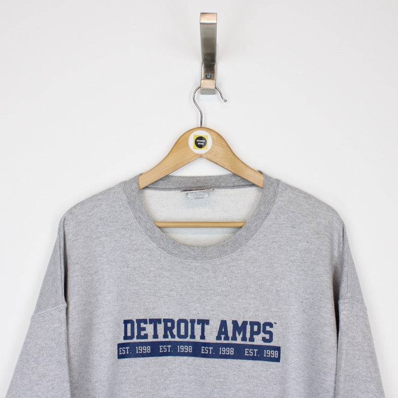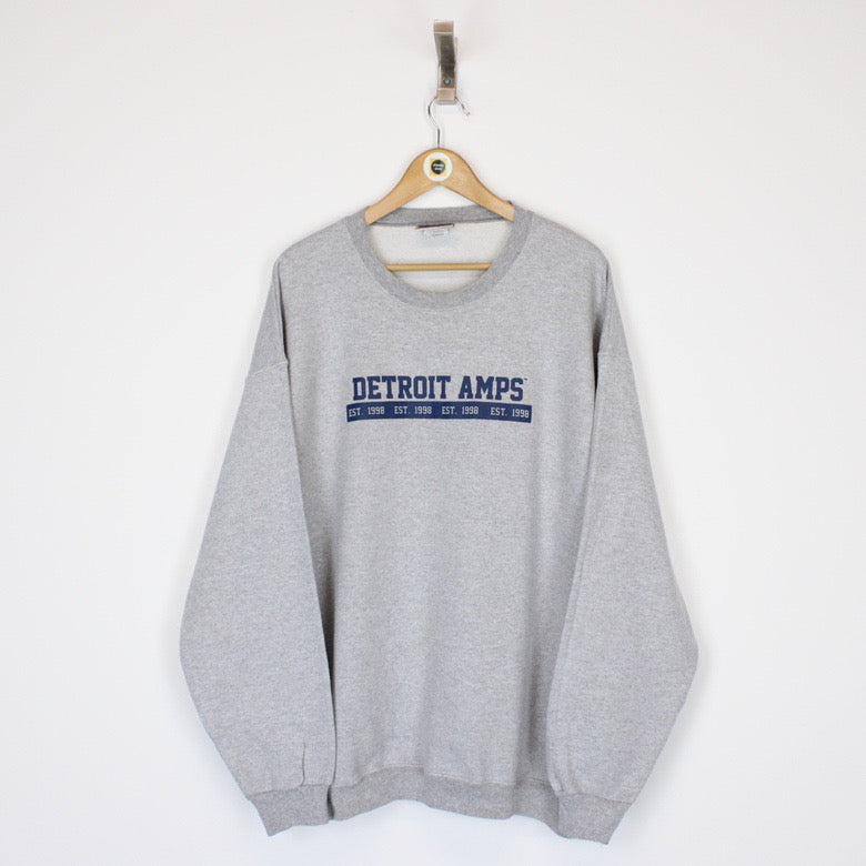 Vintage 90's Detroit Amps USA Grey Crew Neck Spellout Sweatshirt Jumper Size on label: Large Our recommended size: Large Pit to pit (inches): 24.5 Length (inches): 27.5 All products listed are vintage unless stated otherwise in the description. These items are pre-loved and pre-worn, resulting in small signs of wear and minor fading. We think this adds to their unique authenticity Please contact us if you have any further questions!
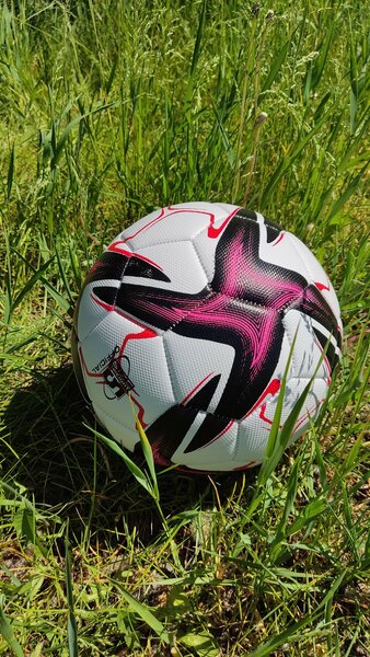 Прочный футбольный мяч с мягким нескользящим покрытием. Покрытие имеет толщину 2-3 мм, под ним уже упругая камера. Благодаря такому покрытию мяч не скользит по бутсу и кроссовку при ударе, и при этом отлично летит. Мяч имеет звездный черно-розовый рисунок, который придает ему уникальный и стильный вид. Этот рисунок не только украшает мяч, но и делает его более заметным на поле, что важно для точного и быстрого паса. Особенностью этого мяча является нескользящее покрытие. Это обеспечивает отличное сцепление с руками, что позволяет игрокам контролировать мяч даже в самых сложных игровых ситуациях. Благодаря этому покрытию, мяч не будет выскальзывать из рук даже при интенсивных тренировках или играх. Мяч соответствует официальному весу и размеру, что гарантирует его надежность и долговечность. В целом, этот футбольный мяч - это отличный выбор для тех, кто любит футбол, чеканку и игры с красивым мячом.
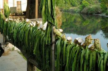 晾曬干菜,是東北人一種最好的儲菜方式。不管放置多久,只要是不沾濕、不受潮、注意通風,不發(fā)霉不生蟲,隨時都可以拿出來食用。食用時,先用溫水泡開,再加以調料和肉類,可烹調出各具特色的珍饈佳肴。例如“小雞扣蘑菇”、“雞肉燉土豆片”、“肉炒豆角絲”、“肉炒黃瓜錢”等,就是東北人喜歡吃的幾道傳統名菜。
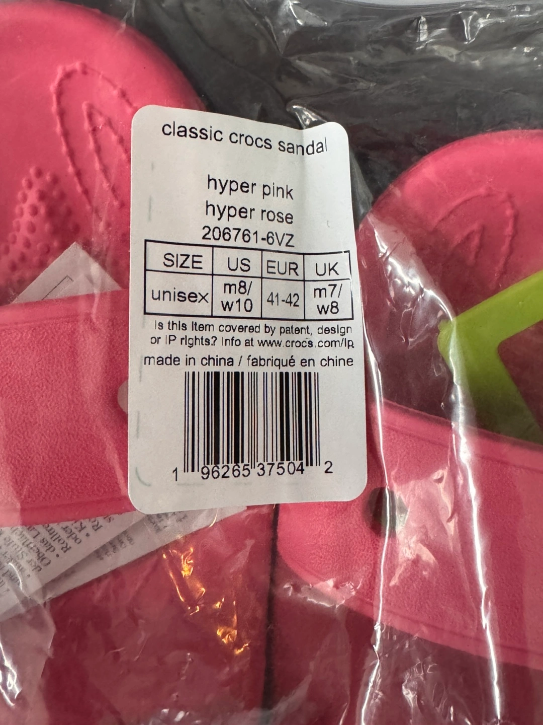 New in bag never worn. New, in package. Classic Crocs sandal. Hyper Pink colour. Unisex sizing, fits men's 8/women's 10. Made in China.

**Exercise brief:** The output must start at the line holding "晾曬干菜,是東北人一種最好的", end at the last line of the listing above, and show each line exactly; please omit all pictures.

**Written response:**
 晾曬干菜,是東北人一種最好的儲菜方式。不管放置多久,只要是不沾濕、不受潮、注意通風,不發(fā)霉不生蟲,隨時都可以拿出來食用。食用時,先用溫水泡開,再加以調料和肉類,可烹調出各具特色的珍饈佳肴。例如“小雞扣蘑菇”、“雞肉燉土豆片”、“肉炒豆角絲”、“肉炒黃瓜錢”等,就是東北人喜歡吃的幾道傳統名菜。
 New in bag never worn. New, in package. Classic Crocs sandal. Hyper Pink colour. Unisex sizing, fits men's 8/women's 10. Made in China.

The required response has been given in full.